* SUPPLIED INFORMATION *
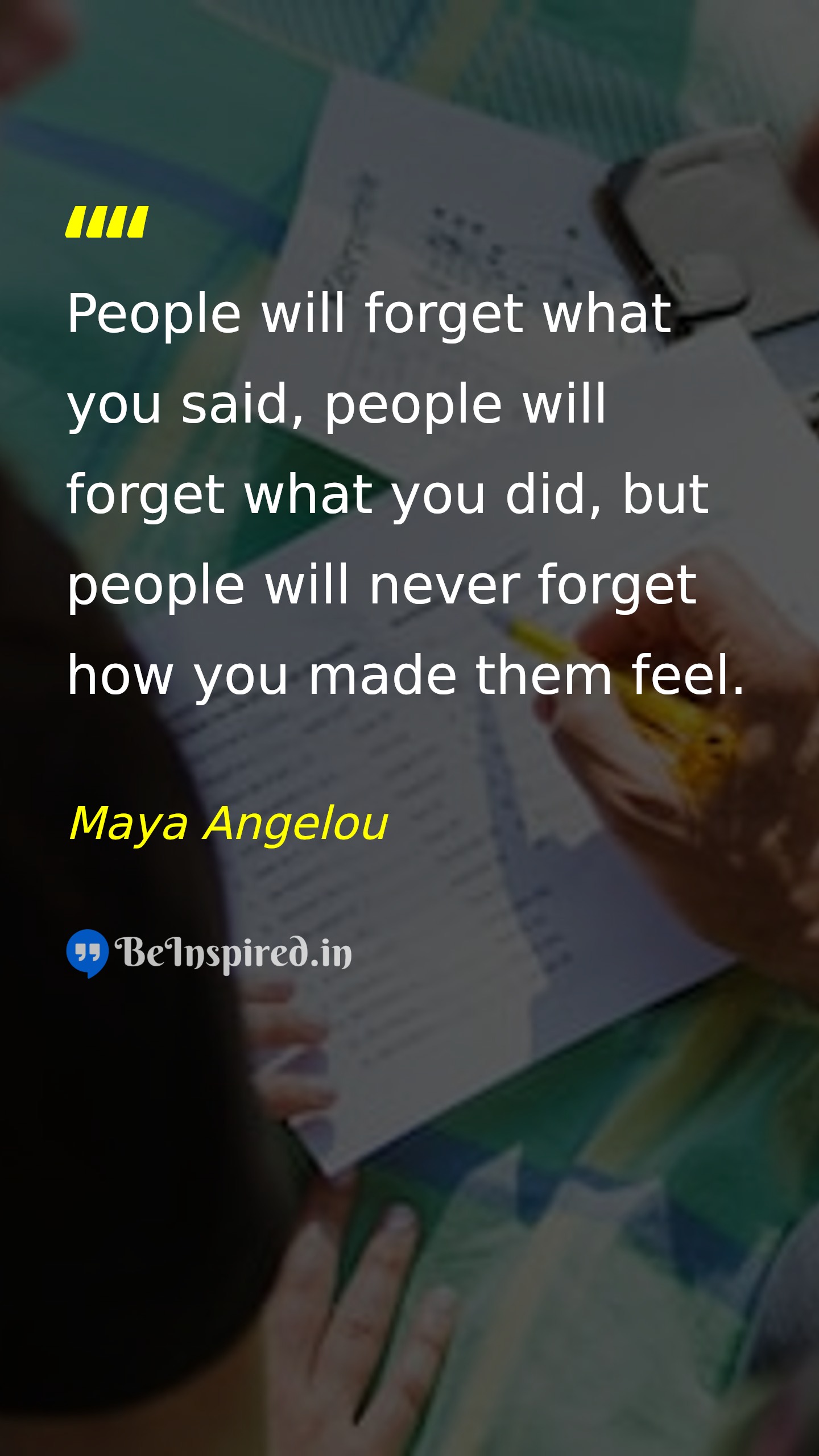 People will forget what you said, people will forget what you did, but people will never forget how you made them feel.
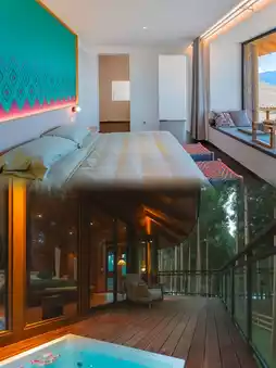 - 7 Courtyard Villas: Arranged in a terraced layout, with two and three-bedroom options, each with a private butler providing afternoon tea, dinner, and breakfast. The villa design preserves traditional village layouts with Yi embroidery elements inside and spacious terraces outside, equipped with massage bathtubs🛁.
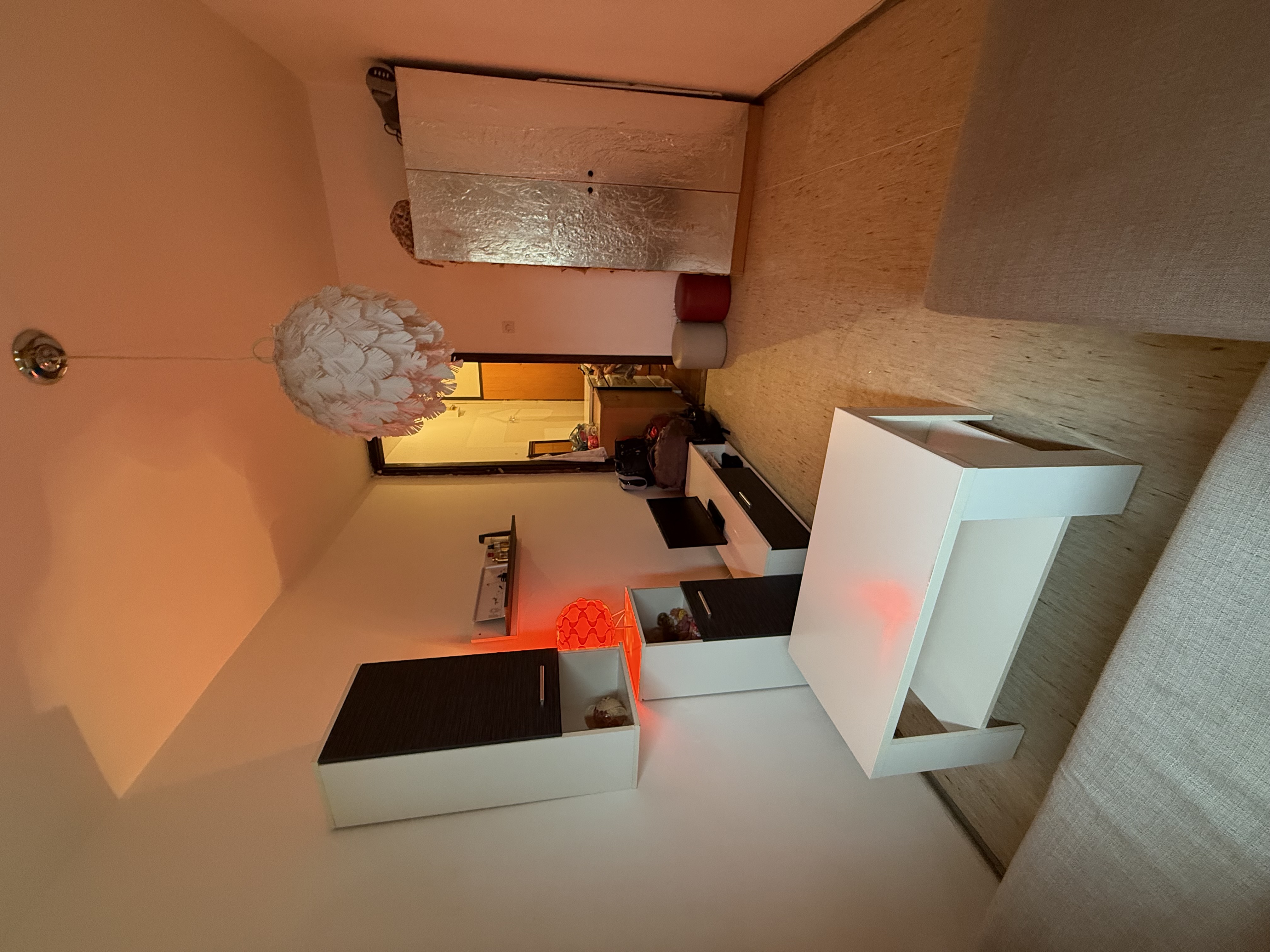 make everything in microcement including the floor walls and ceiling create a platform for a mattress for a double bed equip the space below as a living room also create a place for storing clothes

* EXERCISE AIM *
Copy out the listing above in full and leave out its pictures.

* RESPONSE AREA *
 People will forget what you said, people will forget what you did, but people will never forget how you made them feel.
 - 7 Courtyard Villas: Arranged in a terraced layout, with two and three-bedroom options, each with a private butler providing afternoon tea, dinner, and breakfast. The villa design preserves traditional village layouts with Yi embroidery elements inside and spacious terraces outside, equipped with massage bathtubs🛁.
 make everything in microcement including the floor walls and ceiling create a platform for a mattress for a double bed equip the space below as a living room also create a place for storing clothes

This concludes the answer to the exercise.